Sebagai catatan, Prasasti diinisiasi oleh sejumlah tokoh nasional dengan berbagai macam latar profesi. Lembaga ini digawangi ekonom, pengusaha papan atas, aktivis, hingga mantan pejabat. Lembaga ini diharapkan menjadi jembatan komunikasi, ruang berdialog, antara civil society, pelaku sektor riil dan para perumus kebijakan.

Board of Advisor Prasasti Burhanudin Abdullah menambahkan Prasasti didirikan sebagai respons atas kebutuhan akan ruang dialog yang netral dan berbasis ilmiah. "Prasasti bukan milik segelintir elite, melainkan wadah kolaborasi antara masyarakat sipil, akademisi, dan pemerintah," tegas mantan Gubernur Bank Indonesia ini.
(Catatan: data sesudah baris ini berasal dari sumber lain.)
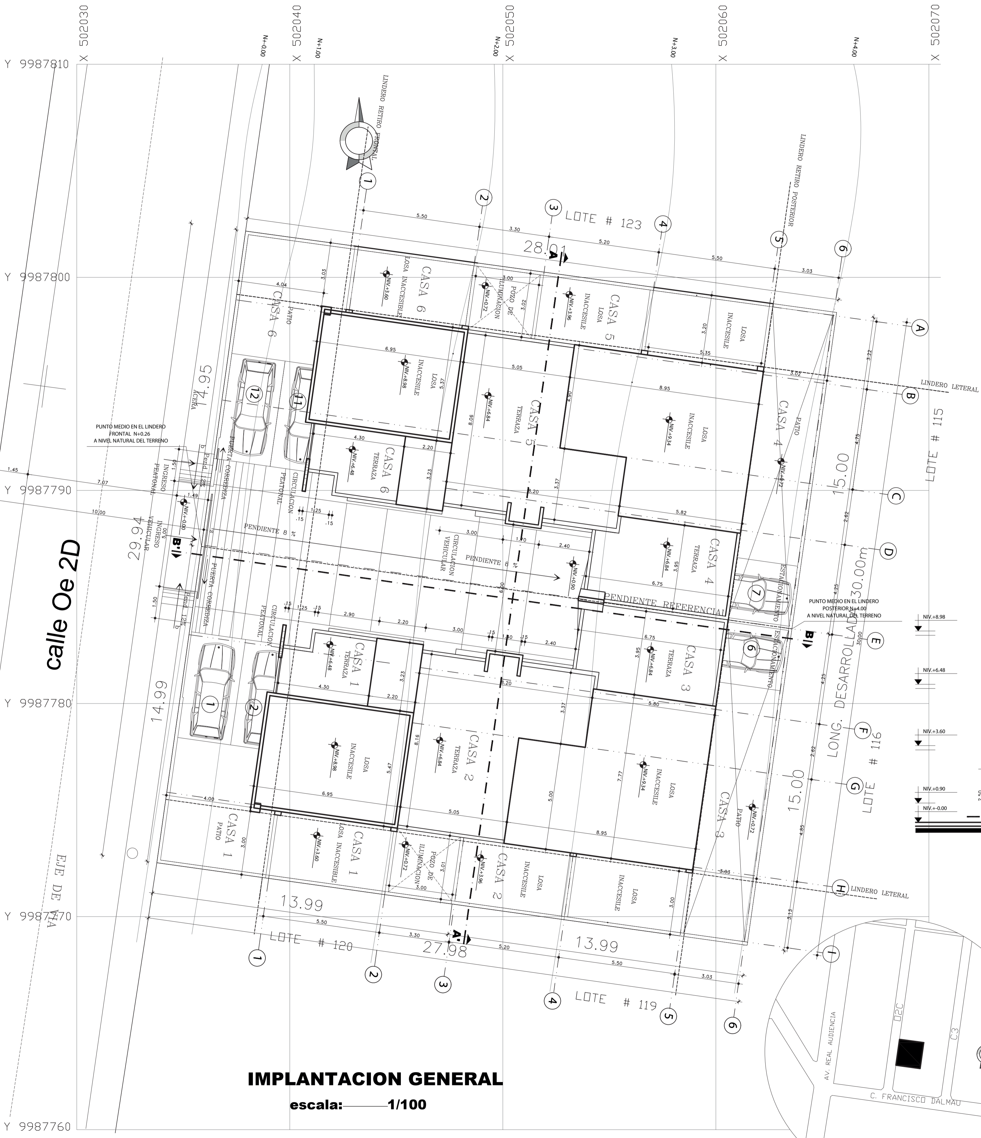
IMPLANTACION GENERAL escala: 1/100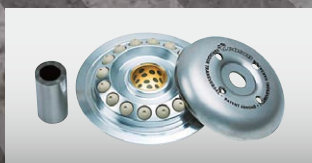
J.COSTA トランスバーサルバリエーター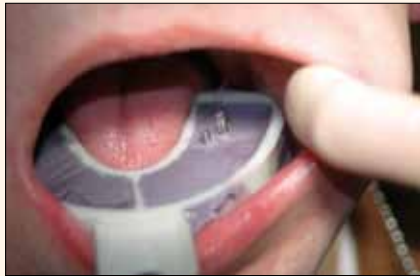
Fig. 8. Póngalo sobre los postes de impresión y perforo el papel aluminio, presionando ligeramente hasta que vea aparecer los tornillos.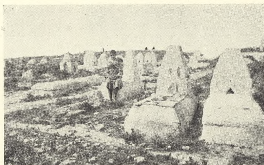
Fig. 222. Arabisk Kirkegaard.

Fællesraad for Havekunst har haft en Konference med Kirkeministeren og Departementchefen om Sagen, og det kan vel have sin Rimelighed, at der før eller senere findes en tilfredsstillende Løsning.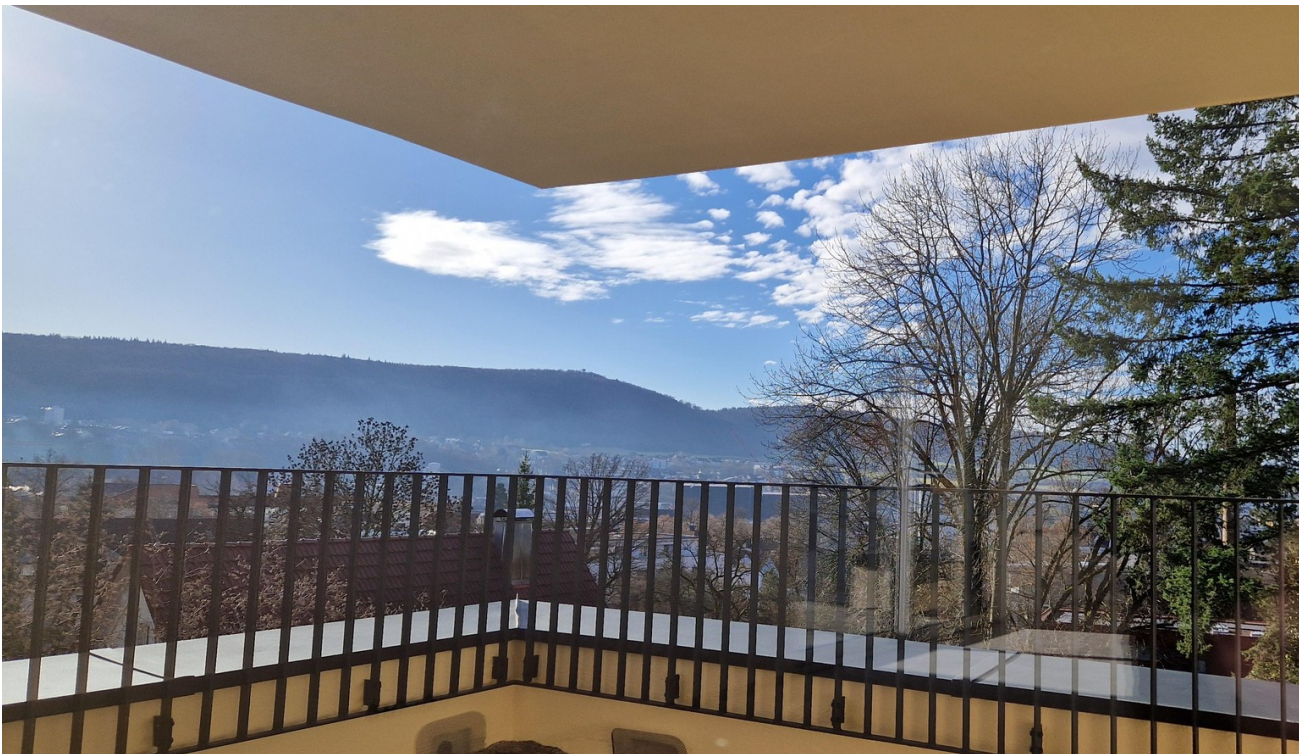
Blick Richtung Langert

Prasasti didukung oleh deretan nama besar seperti Hashim Djojohadikusumo (pengusaha dan politisi), Gandi Sulistiyanto (pengusaha), serta Ellyus Achiruddin dan Prijono Sugiarto dari kalangan profesional. Komposisi ini menunjukkan upaya untuk menciptakan keseimbangan perspektif.

"Kita harus menjadikan dialog sebagai budaya baru dalam merumuskan kebijakan," tegas Burhanudin sembari menunjuk pentingnya pendekatan inklusif.